We discuss a necessary property of scientific models, namely 'continuity in the model parameters', and identify a method which guarantees this continuity property, namely the use of 'computable' or 'constructive' Mathematics. As the the latter is quite far removed from the mathematical practice in Physics and Engineering, we discuss a recent alternative formulation of computable/constructive Mathematics in terms of infinitesimals from Nonstandard Analysis, as the latter is closer to said mathematical practice, i.e. an informal 'calculus with infinitesimals'. Finally, we provide an example from the Philosophy of Mathematics literature where the continuity property is violated 'by definition'.

Jan Sprenger: Could Popper have been a Bayesian? On the Falsification of Statistical Hypotheses.

Karl R. Popper was a fervent opponent of Carnap's logical probability approach, and more generally speaking, any inductivist logic of inference. On the other hand, Popper never developed a full account of reasoning under uncertainty and testing statistical hypotheses. Concrete proposals for falsifying a statistical hypothesis (e.g., Gillies 1971) were met with devastating criticism in the literature (e.g., Spielman 1974). So the problem of applying falsificationism to statistical hypothesis testing persists.

In this contribution, I explore whether an instrumental Bayesian approach can help to solve this problem. For instance, for Gelman and Shalizi (2013), the testing of complex statistical models combines a hypothetico-deductive methodology (similar to Popper's own approach) with the technical tools of Bayesian statistics. But also other proposals, like Bernardo's (1999) decision-theoretic approach to hypothesis testing, display a surprising similarity to Popper's principal ideas.

After discussing the sustainability of such hybrid views on statistical inference, I conclude that there is no principal incompatibility between Popperian falsification of scientific hypotheses and an instrumental Bayesian philosophy of statistical inference. Also from a historical point of view, the compatibility thesis can be supported by some sections of Popper's 1934/59 monograph.

Roger Stanev: Data and Safety Monitoring Board and the Ratio Decidendi of the Trial

In phase-III randomized controlled studies, it is incumbent upon the Data and Safety Monitoring Board (DSMB) to articulate not only the statistical monitoring rule guiding the study, but also the early stopping principle in cases of early stopping.

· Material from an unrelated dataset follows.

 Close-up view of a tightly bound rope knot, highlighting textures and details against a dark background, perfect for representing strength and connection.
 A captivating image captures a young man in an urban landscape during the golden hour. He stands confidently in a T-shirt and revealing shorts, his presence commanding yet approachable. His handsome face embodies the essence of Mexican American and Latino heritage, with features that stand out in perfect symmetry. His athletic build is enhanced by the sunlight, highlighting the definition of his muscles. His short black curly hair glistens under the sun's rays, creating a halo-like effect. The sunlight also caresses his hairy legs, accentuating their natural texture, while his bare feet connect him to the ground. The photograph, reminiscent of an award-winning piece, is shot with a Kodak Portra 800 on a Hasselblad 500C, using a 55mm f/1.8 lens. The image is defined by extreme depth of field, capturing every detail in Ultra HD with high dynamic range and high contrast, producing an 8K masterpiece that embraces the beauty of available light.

In my paper I argue that the articulation of the early stopping principle (at the time of the DSMB's interim monitoring decision) should occur much the same way that a judge in a court of law announces the ruling of its case, i.e., the ratio decidendi of the case. This ratio connects the material facts of the case to general legal principles. Similarly, my decision framework for early stopping, provides the needed connection between the facts of the trial to general early stopping principles. In my paper I elaborate on my decision framework for early stopping by expanding on its qualitative form.

Susan G. Sterrett: Models of Interventions

When scientific knowledge is to be put into practice in an attempt to deal with a large-scale problem such as an invasive species or global warming, there are not only scientific models of organisms, phenomena, and processes involved: there is also what might be called a model of intervention. Whether the model of the (planned) intervention is explicitly stated or not, it is as much a matter of concern and evaluation as the scientific models appealed to in describing or promoting the intervention are. In this talk, I consider what's involved in constructing (or reconstructing) such a model of intervention.

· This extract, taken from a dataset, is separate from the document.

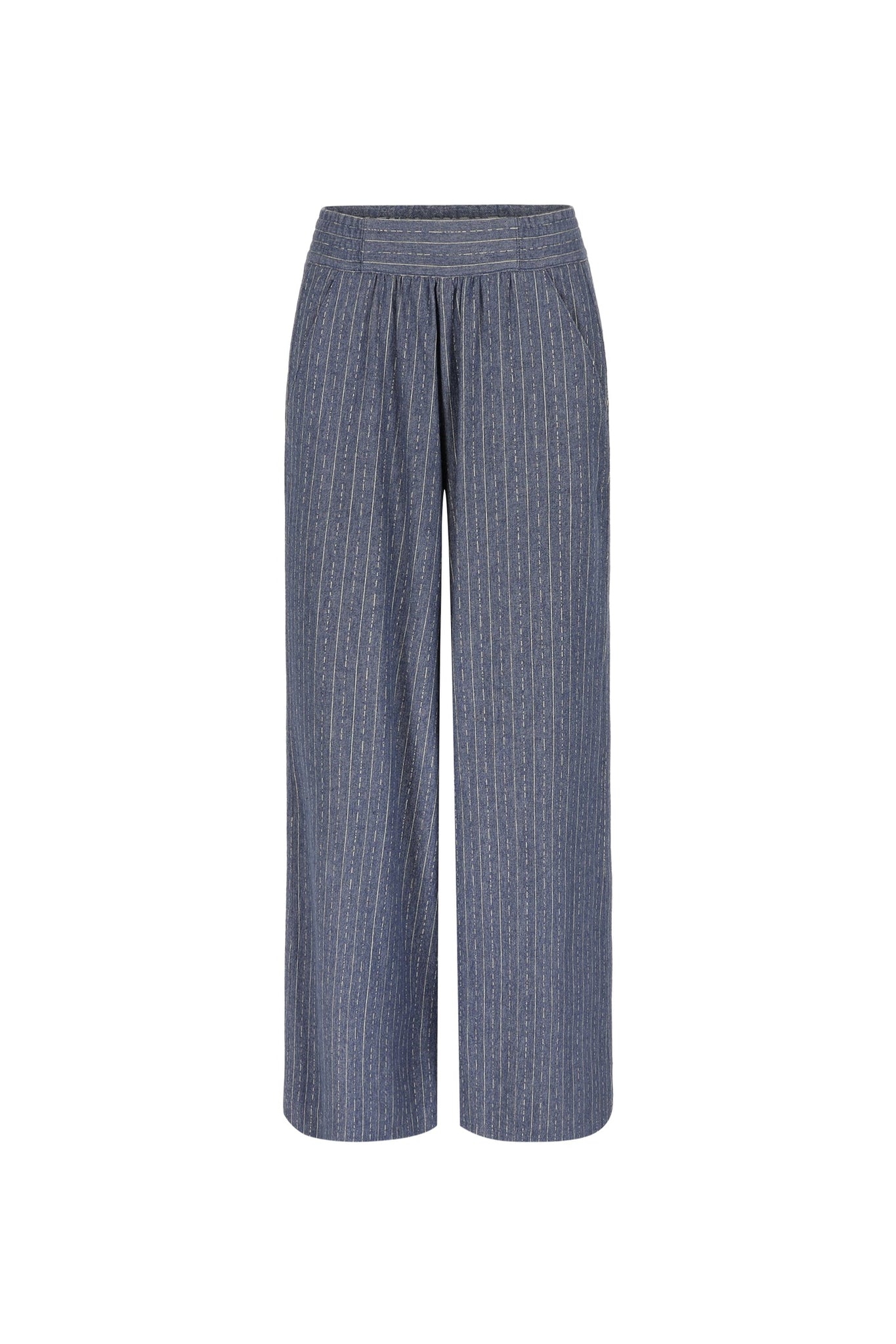 De Honolulu pants is dé broek voor wie houdt van comfort zonder in te boeten op stijl. Deze wide leg topper is uitgevoerd in dezelfde prachtige denim-look stof als de Havana blouse, wat zorgt voor een vloeiende en luxueuze uitstraling. De verticale streep verlengt je benen optisch, terwijl de relaxte pasvorm ervoor zorgt dat je de hele dag moeiteloos in stijl doorbrengt. Dit is effortless chic op zijn best.

Peter Stone and Koji Kagotani: Optimal Committee Performance, Size versus Diversity

The Condorcet Jury Theorem (CJT) established long ago that when it comes to decision-making, size matters. Other things equal, a large committee will outperform a small one. But a growing literature suggests that difference matters as well as size. Other things equal, a heterogeneous committee, with people representing different backgrounds and perspectives, will outperform a committee of clones. Recent generalizations of the CJT model demonstrate the truth of this claim, although they also note that heterogeneity only produces beneficial effects under moderately restrictive circumstances. This paper uses these generalizations to compare the respective merits of size and difference. It then makes policy recommendations based upon this comparison.

Michael Strevens: Idealization, Prediction, Difference-Making

Every model leaves out or distorts some factors that are causally connected to its target phenomena – the phenomena that it seeks to predict or explain. If we want to make predictions, and we want to base decisions on those predictions, what is it safe to omit or to simplify, and what ought a causal model to capture fully and correctly? A schematic answer: the factors that matter are those that make a difference to the target phenomena. There are several ways to understand the notion of difference-making. Which are the most useful to the forecaster, to the decision-maker? This paper advances a view.

1stsvs_logo_s Watch the video abstract on "MCMP at First Sight" here!

Ekaterina Svetlova: Financial Models as Decision-Making Tools

The philosophy of science and the STS studies increasingly pay attention to the fact that models “travel” from the world of science to the pragmatic fields of their application and become instruments of decision-making. Outside of science, models play different roles and are used differently than in the purely scientific contexts. Taking some financial models as an example, the paper compares various patterns of model use and highlights the major functions of models in financial decision-making. Argumentation is based upon an empirical study.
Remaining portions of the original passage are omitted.